■ **Task objective**: The expected output is an exact copy of the lines from the one containing "Cartão Celestial De" through the final line of the entries below, with no images.

Collected data entries:
● ● ● ●
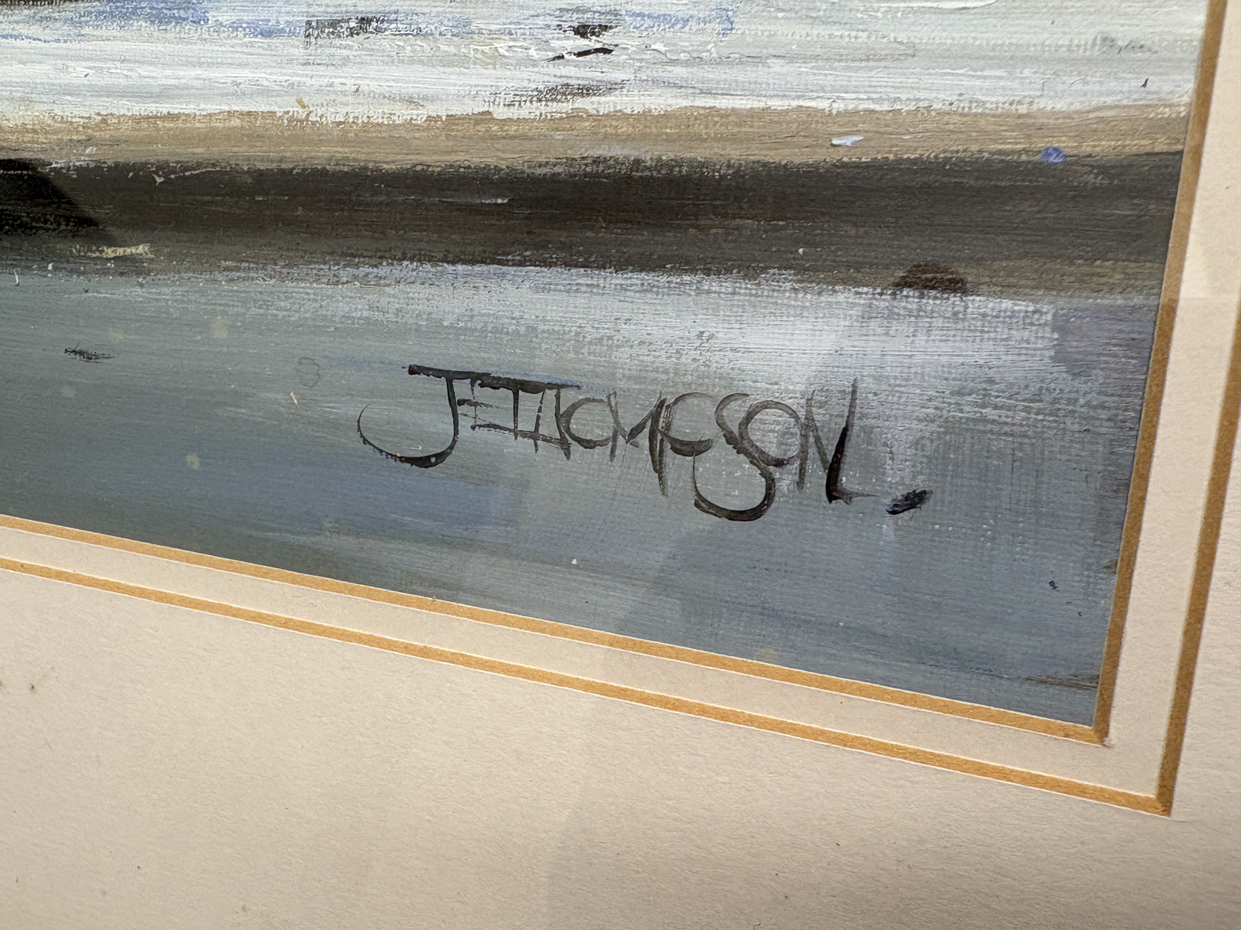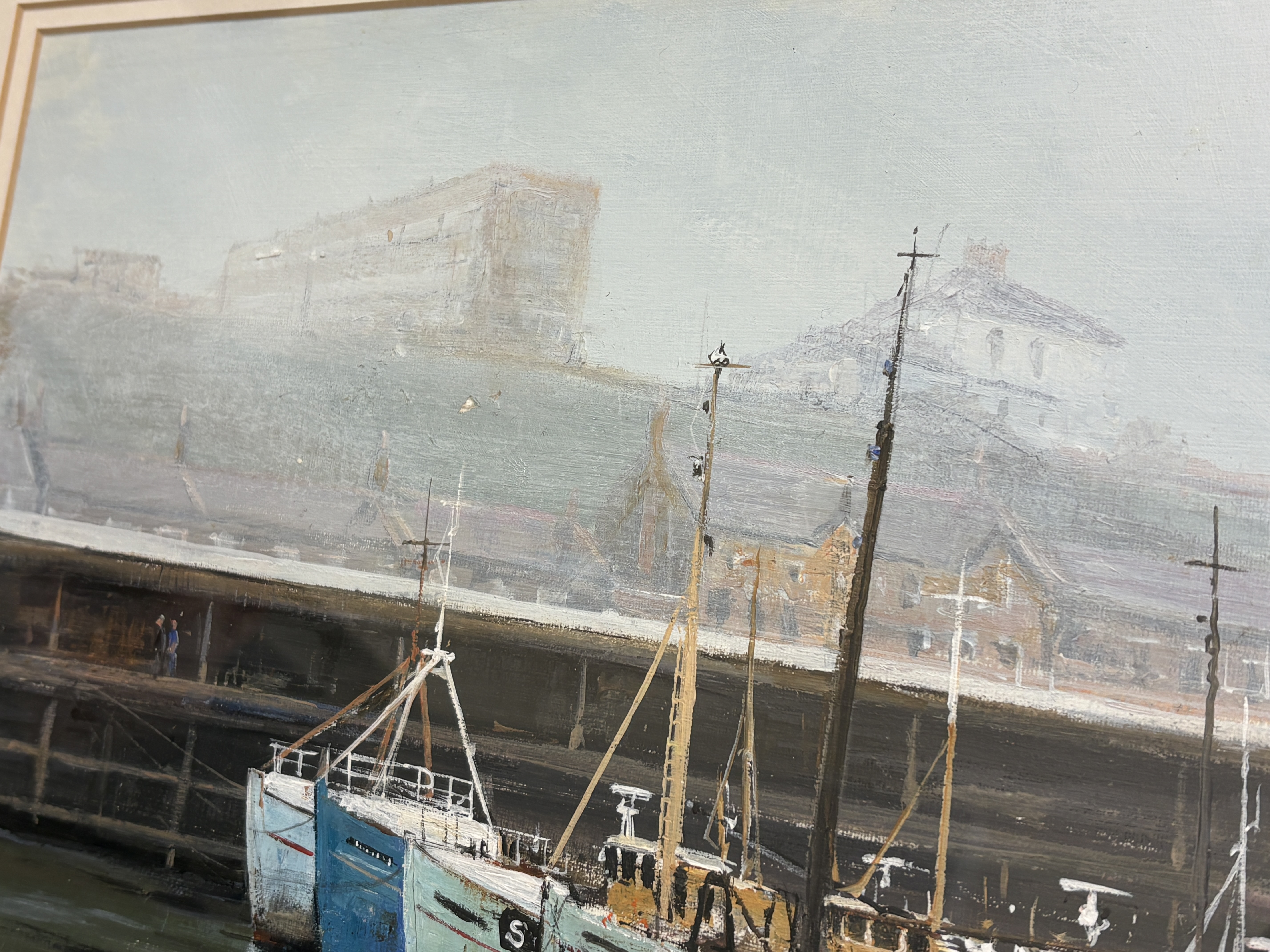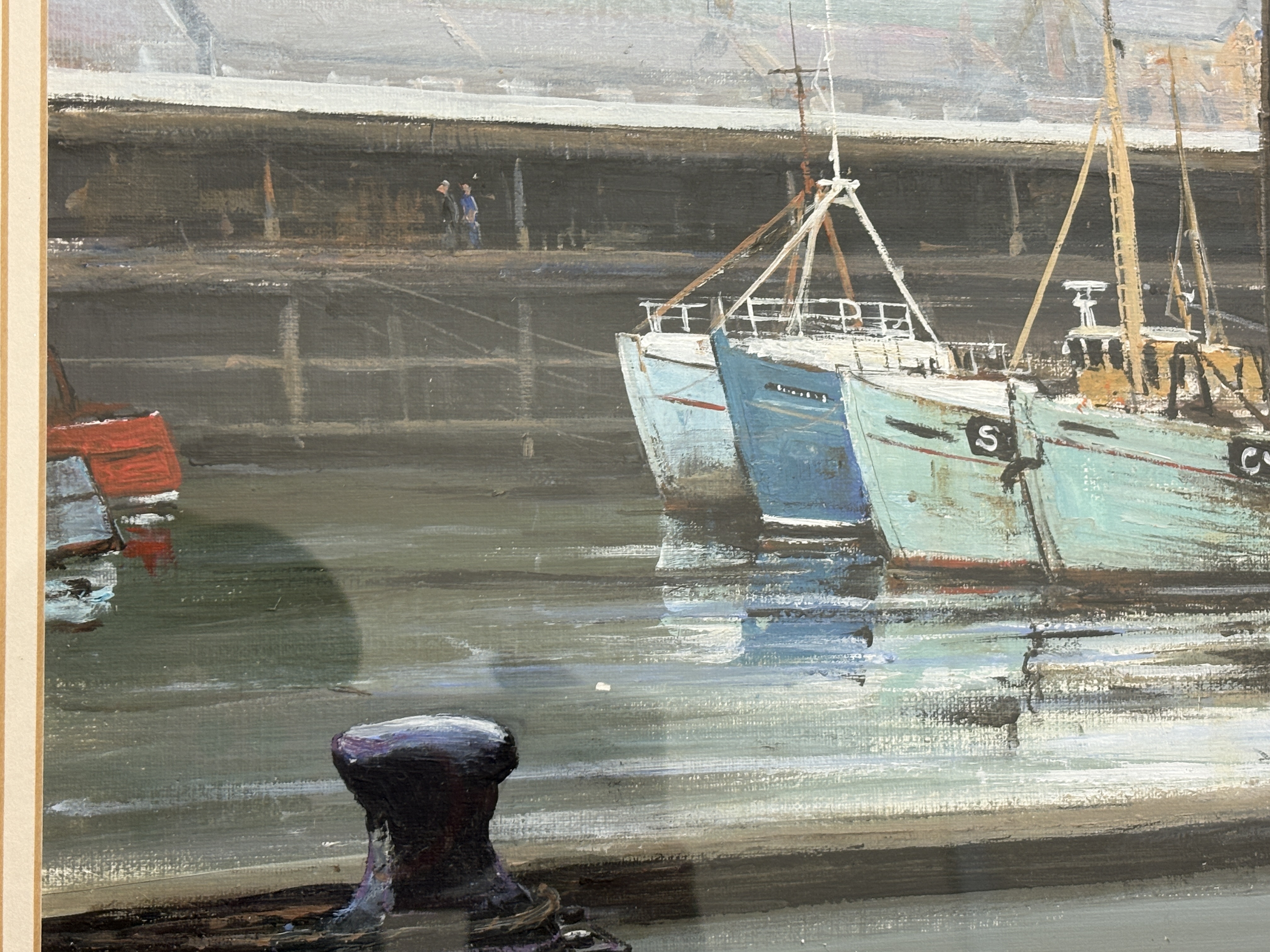 Now a retired Trawler man from Blyth J.E. Thompson has produced this depicting a harbour scene. The composition features several fishing trawlers, including vessels with the registrations GY326 and GY325, moored alongside a dock. The work is executed in an impressionistic maritime style. The artist captures atmospheric light, using thick white highlights to define the vessels and their reflections. The background depicts the industrial architecture of the dockside under a muted sky. The painting is signed in a stylized hand J.T. THOMPSON. in the lower right corner. It is housed in a dark wood frame with a gilt inner slip and a cream-coloured mount.
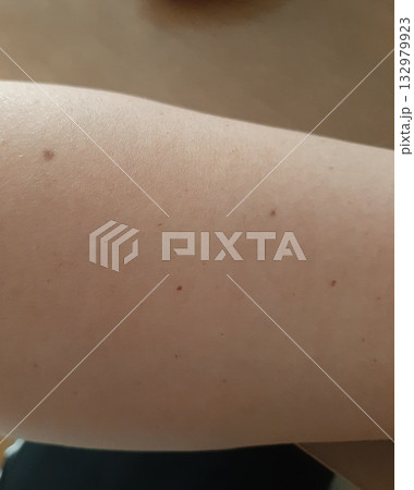 赤いほくろ 腕のほくろ 女性の腕の肌
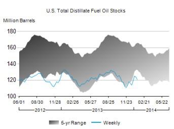 Distillates supplies, which include diesel and heating oil, dropped 3.2 million barrels (2.7%) for a second week of declines. Distillates demand for the last four weeks is up a seasonally adjusted 5.2% from the same period last year. In the past year, distillates inventories have dropped 9.2%.
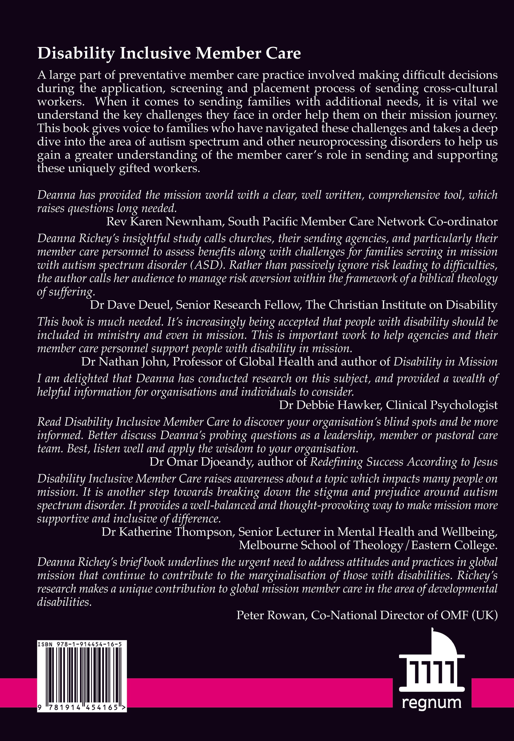A large part of preventative member care practice involved making difficult decisions during the application, screening and placement process of sending cross-cultural workers. When it comes to sending families with additional needs, it is vital we understand the key challenges they face in order help them on their mission journey. This book gives voice to families who have navigated these challenges and takes a deep dive into the area of autism spectrum and other neuroprocessing disorders to help us gain a greater understanding of the member carer’s role in sending and supporting these uniquely gifted workers.
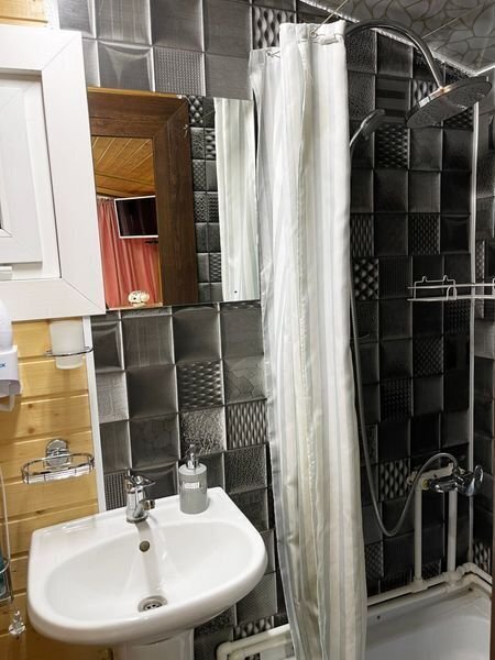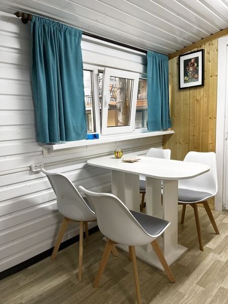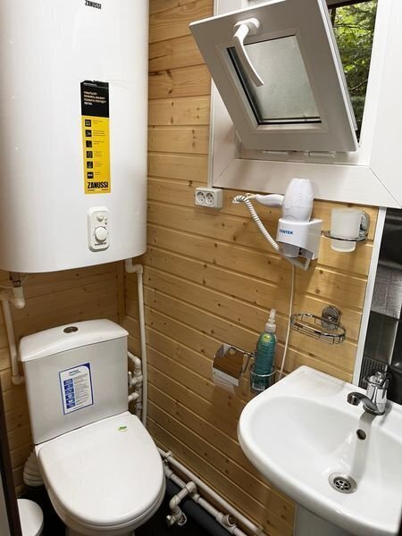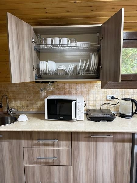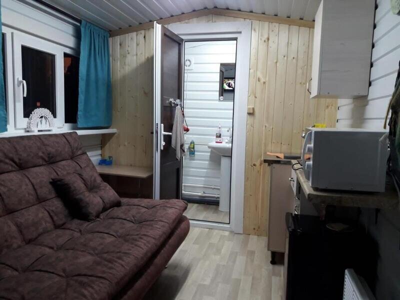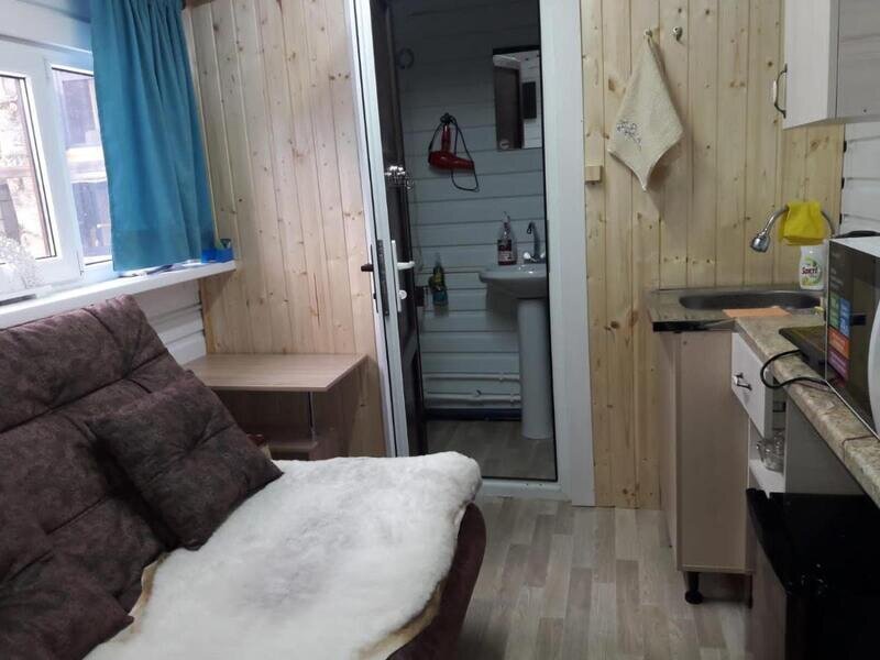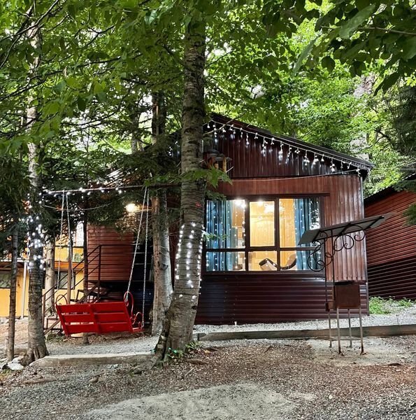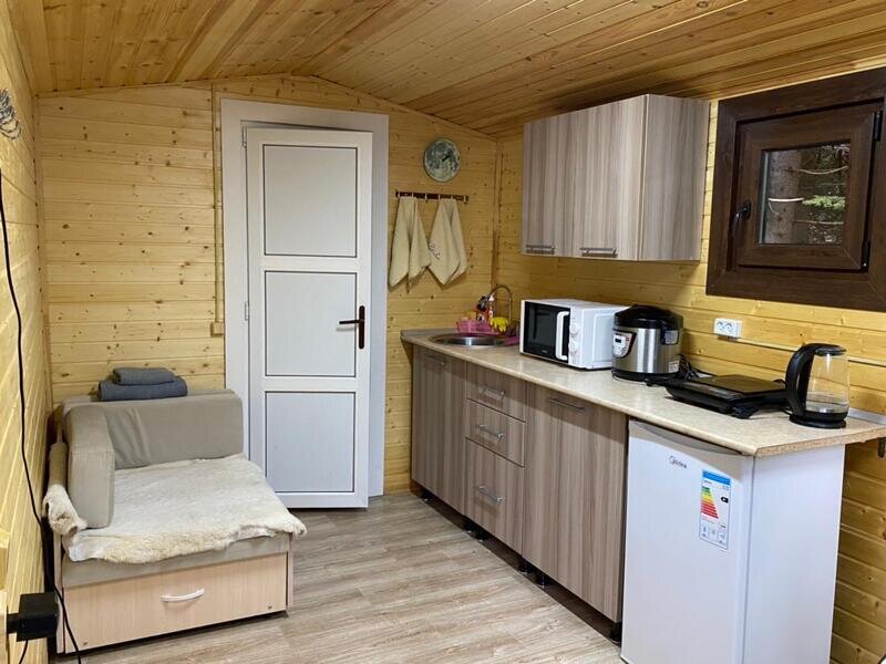 Уютный современный дом 37 кв. м. вместимостью до 4-х человек, В доме изолированная спальня, полноценная кухня. Все удобства внутри. Вода чистейшая, родниковая. К домику прилагается беседка, мангал, качели гамак.
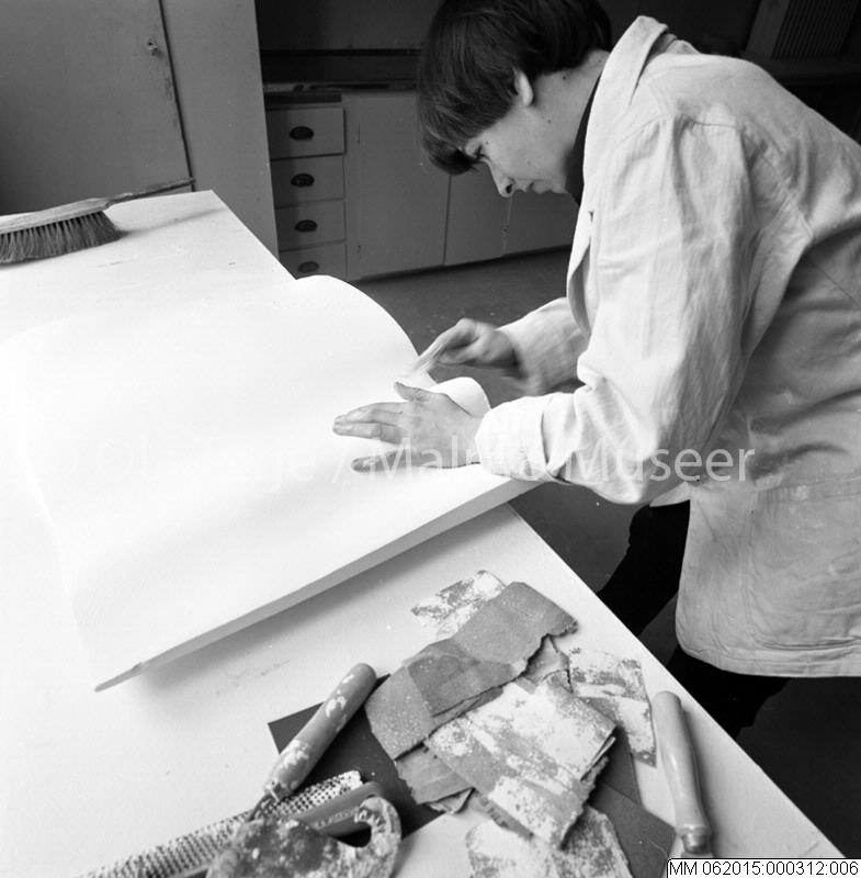 Barbro Bäckström (född 1939) arbetandes i ateljé. 670423.
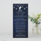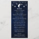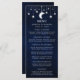 Cartão Celestial De Menu De Casamento. Céu azul de água com estrelas e a lua. Luzes de cordas.
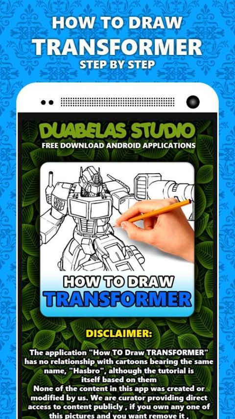 आवेदन "ट्रांसफार्मर ड्रा के लिए कैसे - आराम से", एक ही नाम है, "HASBRO" असर कार्टून के साथ कोई संबंध नहीं है, हालांकि ट्यूटोरियल उन पर आधारित ही है
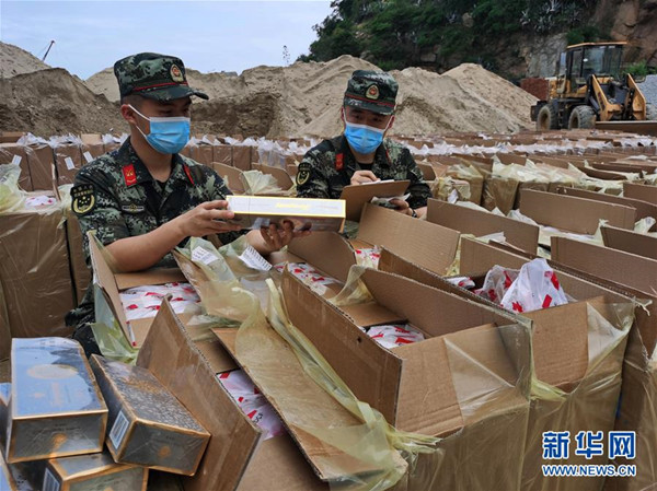 海警執(zhí)法員點(diǎn)驗(yàn)涉案走私香煙(6月1日攝)。 新華社發(fā)
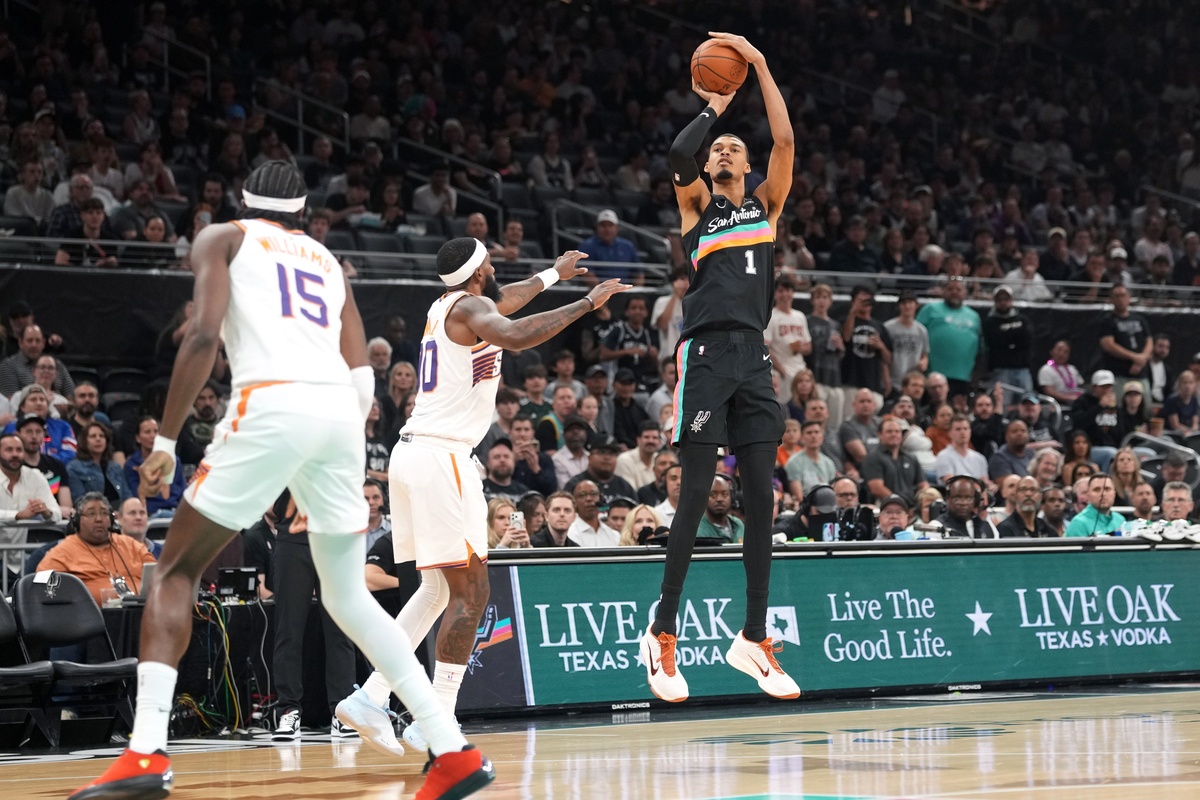 Retour à la compétition autoritaire pour les Spurs. À Austin pour leur premier match depuis le « All-Star break », les partenaires de Wemby ont enregistré une 7e victoire de suite en s’imposant largement (121-94) face à des Suns qui ont perdu Devin Booker (seulement neuf minutes de jeu), touché à la hanche.
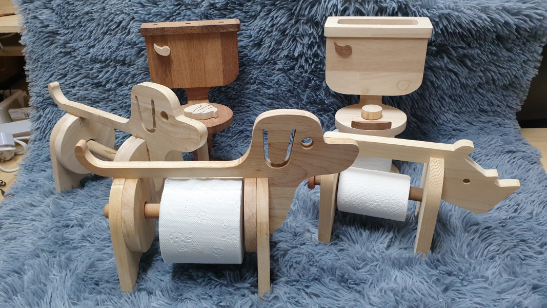두루마리 휴지를 거치해 사용할수 있는 목공예
● ● ● ●
■ **Result of the task**:
 Cartão Celestial De Menu De Casamento. Céu azul de água com estrelas e a lua. Luzes de cordas.
 आवेदन "ट्रांसफार्मर ड्रा के लिए कैसे - आराम से", एक ही नाम है, "HASBRO" असर कार्टून के साथ कोई संबंध नहीं है, हालांकि ट्यूटोरियल उन पर आधारित ही है
 海警執(zhí)法員點(diǎn)驗(yàn)涉案走私香煙(6月1日攝)。 新華社發(fā)
 Retour à la compétition autoritaire pour les Spurs. À Austin pour leur premier match depuis le « All-Star break », les partenaires de Wemby ont enregistré une 7e victoire de suite en s’imposant largement (121-94) face à des Suns qui ont perdu Devin Booker (seulement neuf minutes de jeu), touché à la hanche.
두루마리 휴지를 거치해 사용할수 있는 목공예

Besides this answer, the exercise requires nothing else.